# [WHAT THE TASK REQUIRES]
Please show every line in the entries below that includes the word "habitat".

# [DATA PROVIDED]
>>>
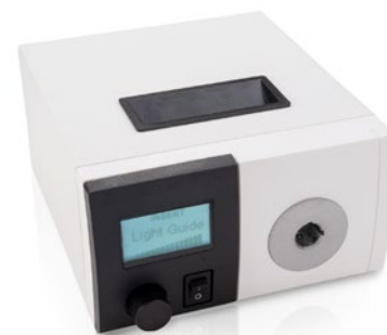
FOT LED 3000 / 5100
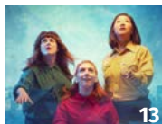
SHŌ AND THE DEMONS OF THE DEEP
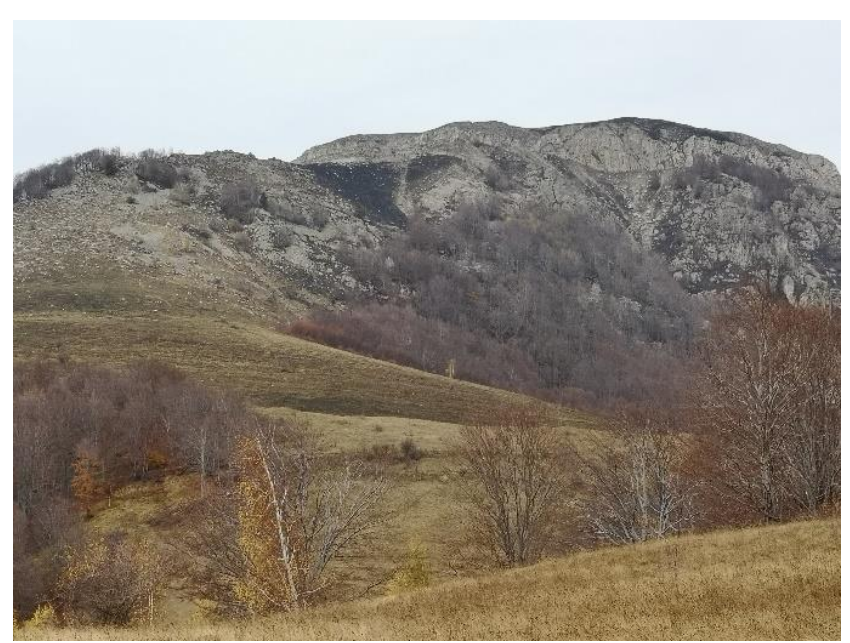
Picture 2 – Domogled Valea Cernei, fire area/buffer.
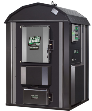
CLASSIC EDGE 960 TITANIUM HDX

Tested Efficiency (LHV) - 92.1%** Tested Efficiency (HHV) - 85.6%** Mfr's Rated Heat Output Capacity - 400,000 Btu/hr Heat Output (12 hr) - 212,957 Btu/hr
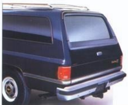
Optional bumper guards and Deluxe Front Appearance Package.

Suburban with optional trailer hitch platform, bumper rub strips, electrically operated rear window, rear window defogger, deep-tinted side glass and dealer-installed luggage rack.
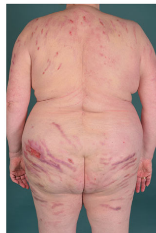
Figure 1 Patient with representative linear prurigo lesions.

TFP members agreed that chronic pruritus underlies LSSL, and that LSSL occur due to prolonged scratching, and may appear in localized areas or occur generalized over the whole integument, sharing thus characteristics with papules, nodules, plaques or umbilicated lesions belonging to the spectrum of CPG. In fact, TFP members consented that LSSL show common pathophysiological mechanisms to CPG and may overlap with CPG lesions in the same individual. As a result, LSSL were considered as belonging to the spectrum of CPG by a vast majority of the participants (90%), being a further subtype of this condition (Fig. 2). The term 'linear prurigo' was chosen to describe this manifestation. Finally, TFP members agreed that linear prurigo should be differentiated from skin picking syndromes, in which artificial manipulation, rather than pruritus itself and subsequent scratching, leads to the development of the lesions.
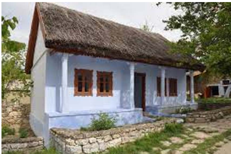
Figure 1. House-museum in Butuceni village, Orheiul Vechi, Republic of Moldova.

The technology of blocks or so called clay "adobes" used in the construction of houses offers an effective solution in saving energy, reducing waste, reducing environmental impact and designing a healthy eco system. (Fig. 1).
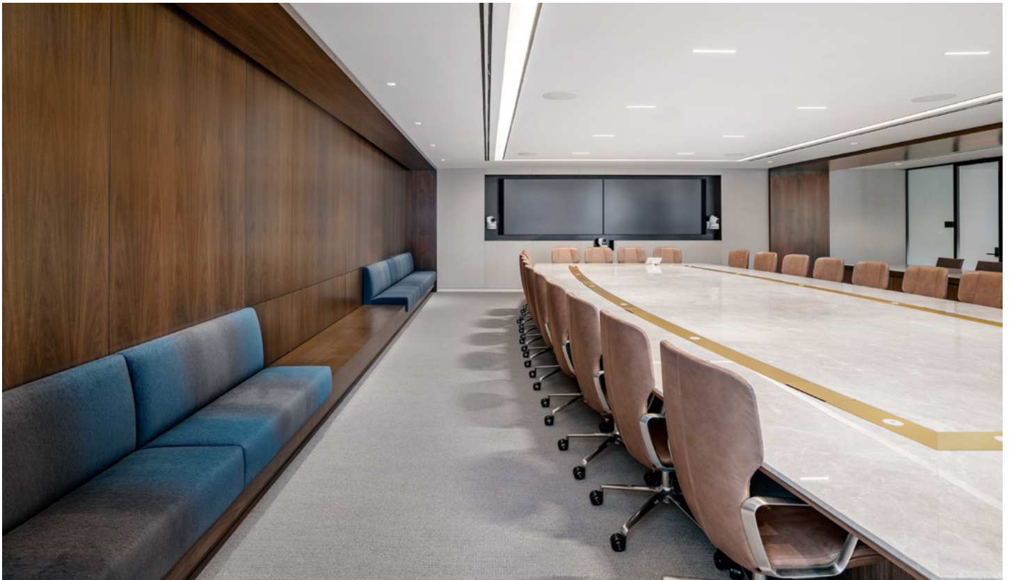
Three backrest heights and base frames with casters or glides make these chairs ideal for a variety of settings ranging from offices or boardrooms.
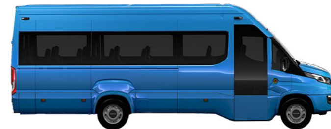
Iveco Daily 56C15
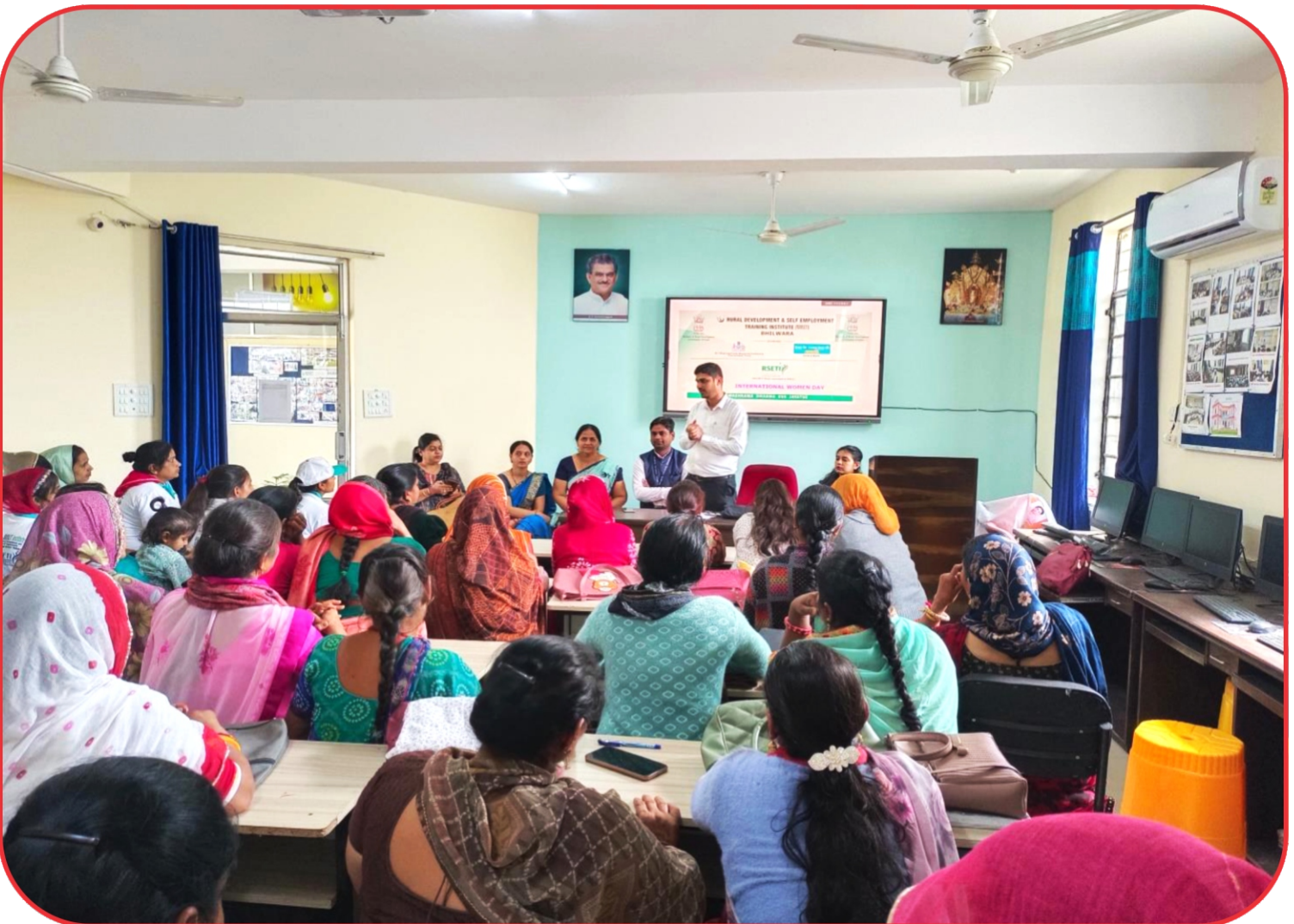
Celebration of International Women Day
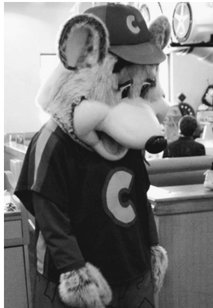
Chuck E. Cheese mascot.

SUGGESTED READING: Philip Langdon, Orange Roofs, Golden Arches: The Architecture of American Chain Restaurants (New York: Knopf, 1986); Chuck E. Cheese Web site: www.chuckecheese.com
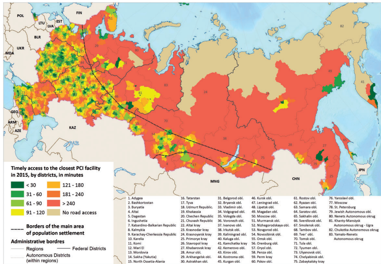
Figure 2. Driving times to the closest PCI facility in Russia in 2015.

The results shown so far have estimated travel times to the nearest PCI facility regardless of which region it was in. However, the financing and delivery of health care are largely devolved to the regions, so patients will normally be treated in the region in which they reside. For some people, the obligation to be treated in their home region might increase travel times compared with going to a facility that is closer but in another region. Consequently, we undertook a sensitivity analysis to compare differences in travel times to the nearest PCI facility in the same region or to the nearest facility wherever it is. This showed that, in 2015, 7 441 200 people or 11% of the population aged 40+ years lived in 400 bordering districts where it would be faster to go to neighbouring regions for treatment. For another 231 500 people who lived in 15 districts, PCI facilities are located only in neighbouring regions (Supplementary Figure 3, available as Supplementary data at IJE online). However, this option is associated with a relatively small increase of about 0.5% (337 690 people) in those who would live within 60 minutes' travel time and 2.3% (1 456 130 people) within 120 minutes' travel time.
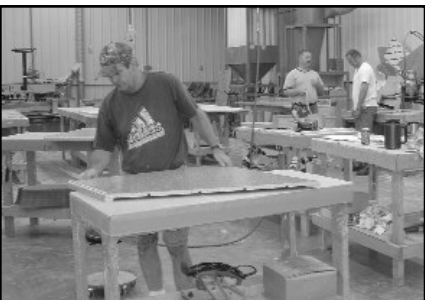
Top Shop craftsmen at work producing custom made counter tops.

The new undermount method of attaching a - Karran solid surface sink to laminite gives the appearance of a seamless one-piece top.
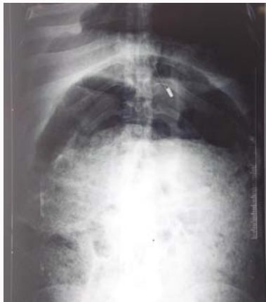
Figure 1: Straight X-ray Abdomen (erect) at the time of presentation.
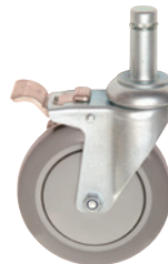
POLYURETHANE SWIVEL WITH BRAKE
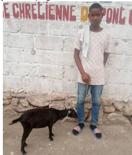
Another family receiving a goat!

My friends have asked me not to visit Haiti for my safety and also for theirs. If the gangs see that they have American friends then they believe that Haitian has access to large amounts of money so it leaves them vulnerable to being kidnapped. We certainly don't want to put any of our friends in danger so for right now we are not visiting Haiti but our friends are doing a great job of keeping us informed and sending pictures.
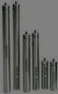
English Stainless Steel Mounting Posts
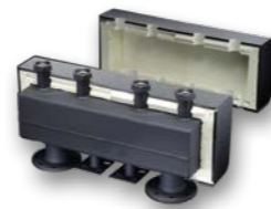
+ HydroFixx hydraulic separator/distributor combination for Regumat DN 40/50
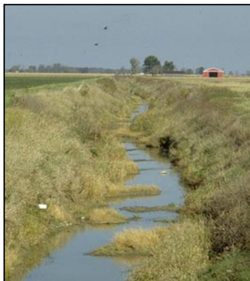
Above: The top photo illustrates a stream with high quality and exceptional aquatic life; stream habitats characterized by the bottom photo (monotonous habitat, slumping bank, no riparian) typically have poor aquatic life.

habitat affects in the agricultural northwest and in urban areas of Ohio..
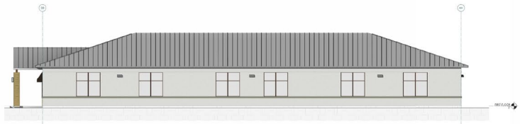
③ NORTH ELEVATION - COLOR 1/8" = 1'-0"
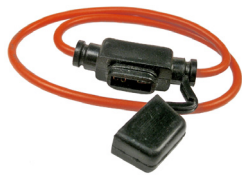
ATM Mini Fuse Holder With Dust Cap & 10" Wire #0965 - 16 GA 10 AMP #0967 - 12 GA 30 AMP
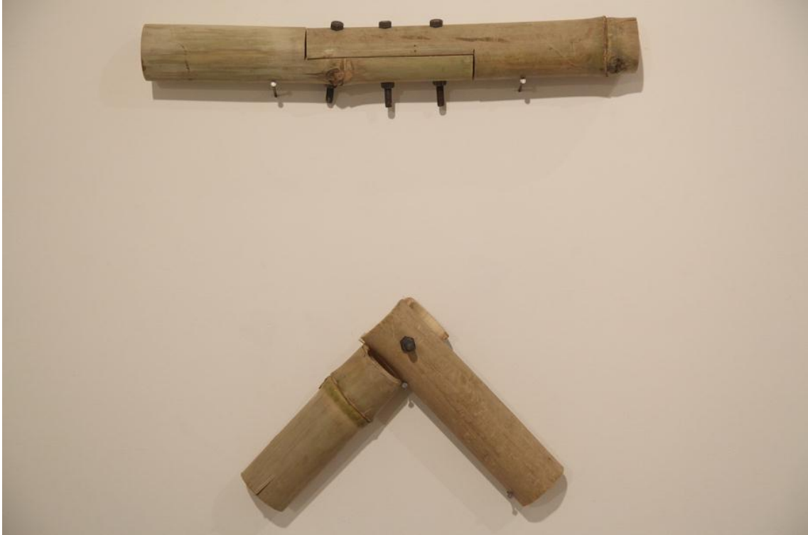
1 x wood joint Saal (ca 40cm)
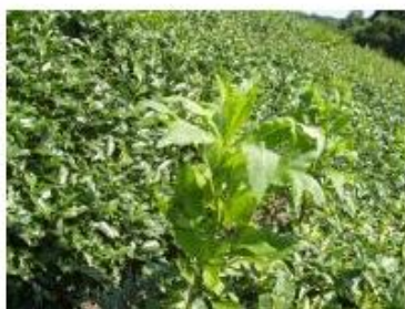
Felon herbs at the tea farm
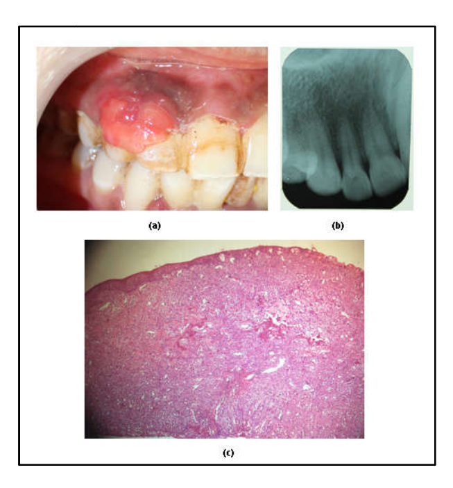
Figure 2. (a) Clinical view the lesion. (b) IOPA in

maxilla and mandible. Clinically, POF usually manifests as a well-defined and slow-growing gingival mass measuring under 2 cm in size and located in the interdental papilla region. The base may be sessile or pedunculated, the color is identical to that of the gingiva or slightly reddish and the surface may appear ulcerated (Kale et al., 2014). The lesion shows a sex predilection toward female and most commonly occurs in the second and third decades. Most commonly, they found in the maxilla and anterior to the molars, but numerous variations have been reported in literature (Buchner, 1987). Approximately 60% of POFs occur in the maxilla, and they occur more often in the anterior than the posterior area, with 55%-60% presenting in the incisor-cuspid region (Zhang et al., 2007). The etiology and pathogenesis of POF are not yet clear. POFs are believed to arise from gingival fibres of the periodontal ligament as a result of irritating agents such as dental calculus, plaque, orthodontic appliances, and ill-fitting restorations (Mergoni et al., 2015).
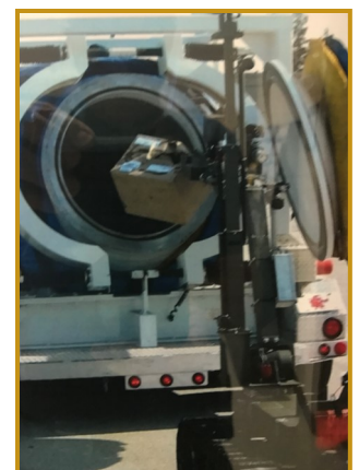
Task Force Asset: Bomb Disposal Equipment

The Northeast Task Force invests HSGP funds wisely by sharing costs for training and equipment among members and ensures consistent training standards.
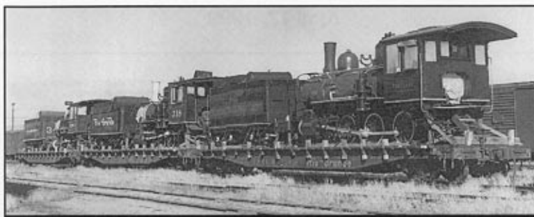
Movement to Golden. Denver, CO. July 12, 1958.
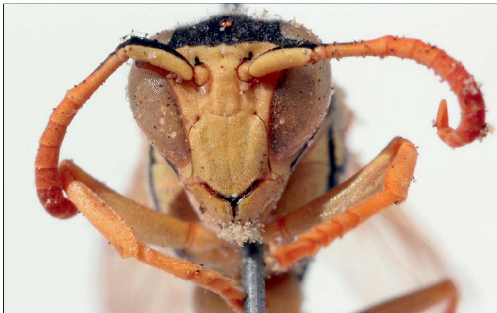
Slika 63: Polistes foederatus , obraz samca iz Podčetrtek.
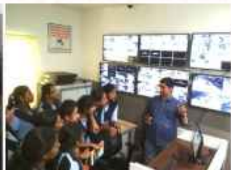
Students were given the exposure about the technology used in traffic control
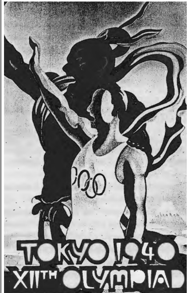
Figure 2. Wada Sanzo, Poster for the 1940 games.

Along with the Olympics, there was another important international event that was planned to take place in Japan that year: The Tokyo Exhibition. It was conceived as a World's Fair, and for this event as well, the state made significant investment. The Wolfsonian in Florida houses a few postcards that portray building plans designed for the occasion (Figure 3). Monumental buildings in these postcards, like the graphic designs for the Olympics, use a modernist visual language that prefers clean lines, geometric abstraction, and minimal decoration, which make the designed buildings resemble the architecture in other
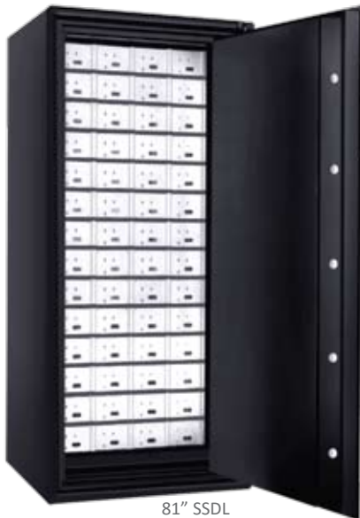
81" SSDL Safe with Safe Deposit Locker
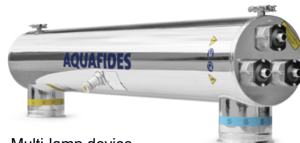
Multi-lamp device electropolished with tri-clamp flanges
<<<
# [REPLY TO THE EXERCISE]
Above: The top photo illustrates a stream with high quality and exceptional aquatic life; stream habitats characterized by the bottom photo (monotonous habitat, slumping bank, no riparian) typically have poor aquatic life.
habitat affects in the agricultural northwest and in urban areas of Ohio..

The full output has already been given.